I think the easiest solution at the moment would be to remove WaitPub and use instead an exported version of the publish method, as we seem to be using WaitPub just to trigger a publish of any value (since there is a gap between the Update and WaitPub calls and the user just cares that the updated value or any superseding version was published).

This would entail adding a couple of checks in publish to detect if the Republisher has been closed and maybe also protecting the user-supplied PubFunc function (which I'm not sure if it's supposed to be thread-safe) but I think it would help to simplify the entire Republisher logic.

It would also help alleviate the concurrent WaitPub and Update issue where two (or more) users can update a value and wait for the publish simultaneously with the second value overriding the first which would cause only a single publish and it would leave a user locked in WaitPub (needing a new independent Update to unlock it).

@Stebalien WDYT?

@schomatis
Copy link
Contributor Author

(The changes would also take care of #35.)

@Stebalien
Copy link
Member

I think the easiest solution at the moment would be to remove WaitPub and use instead an exported version of the publish method, as we seem to be using WaitPub just to trigger a publish of any value (since there is a gap between the Update and WaitPub calls and the user just cares that the updated value or any superseding version was published).

The republisher is designed for IPNS where publishing is really expensive. For that, WaitPub has the right semantics.

The issue is that we're also using this to store the latest root on disk. In that case, I'd expect a call to Flush/Close (on a file) to flush all the way to disk synchronously (asking the user to then wait on the republisher has is pretty poor UX).

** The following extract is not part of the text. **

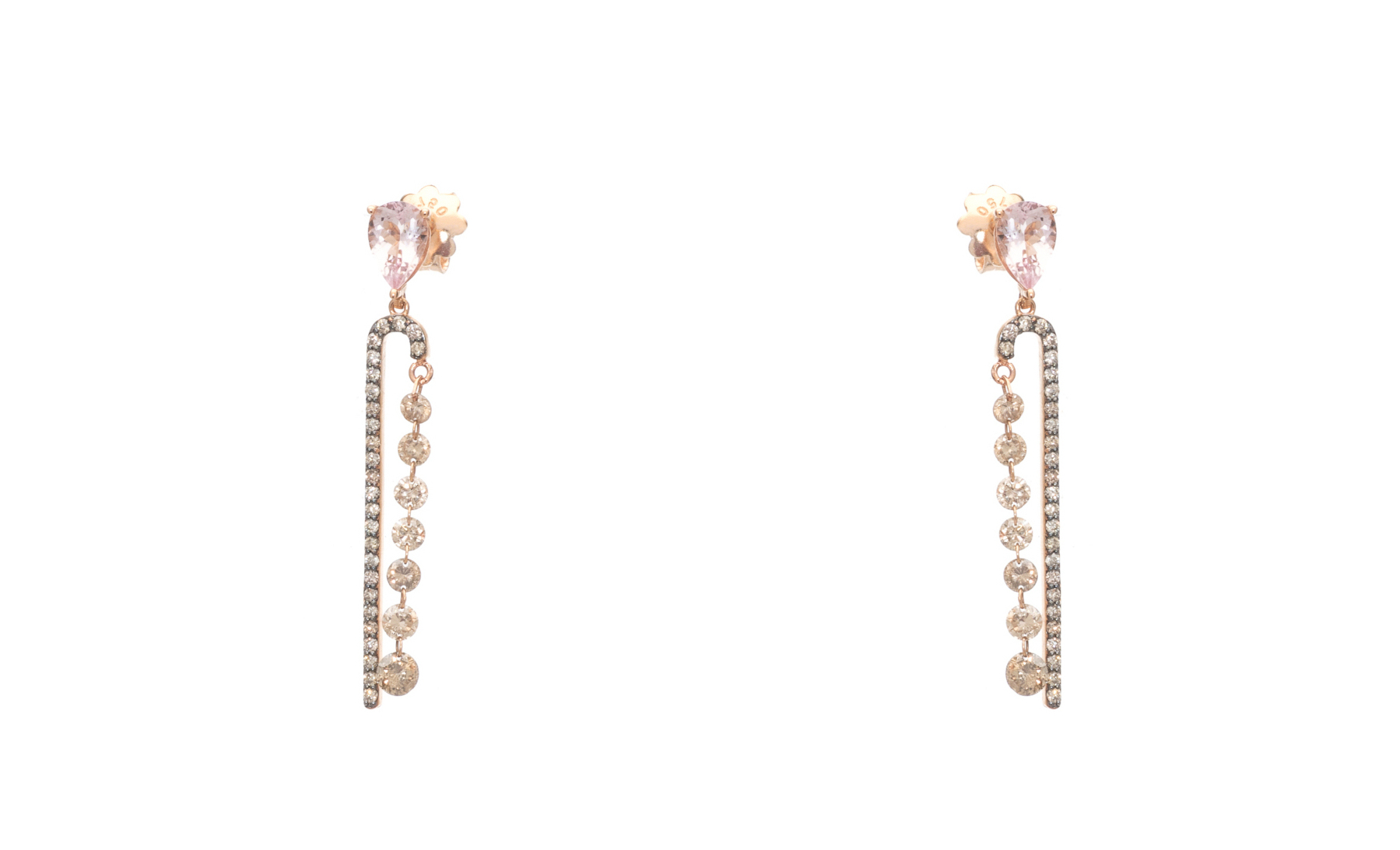 Περιγραφή Σκουλαρίκια από ροζ χρυσό 18Κ διακοσμημένο με διαμάντια σε κοπή μπριγιάν και μοργκανίτη

This would entail adding a couple of checks in publish to detect if the Republisher has been closed

The republisher doesn't currently have a concept of "closing" so I'm not sure what this would entail.

@schomatis
Copy link
Contributor Author

For that, WaitPub has the right semantics.

Could you expand on that please? My proposed solution doesn't entail generating more publish calls that we're already doing, the check in WaitPub would be moved to publish,

go-mfs/system.go

Lines 250 to 253 in 2c1b835

func (p *Republisher) WaitPub() {
p.lk.Lock()
consistent := p.lastpub == p.val
p.lk.Unlock()

which now would happen in the same lock acquisition already present (saving some contention and simplifying the code),

go-mfs/system.go

Lines 319 to 322 in 2c1b835

func (np *Republisher) publish(ctx context.Context) error {
np.lk.Lock()
topub := np.val
np.lk.Unlock()

In that case, I'd expect a call to Flush/Close (on a file) to flush all the way to disk synchronously (asking the user to then wait on the republisher has is pretty poor UX).

Agreed, but that seems a responsability of the consumer of MFS who supplied the PubFunc in the first place, that is, if I gave you an IPNS PubFunc I don't call WaitPub/Publish when flushing (I let the timer run) and if I supply a save-to-disk function then I do. But that distinction doesn't seem related to calling WaitPub or Publish (which could be renamed to PublishNow if it makes it more clear).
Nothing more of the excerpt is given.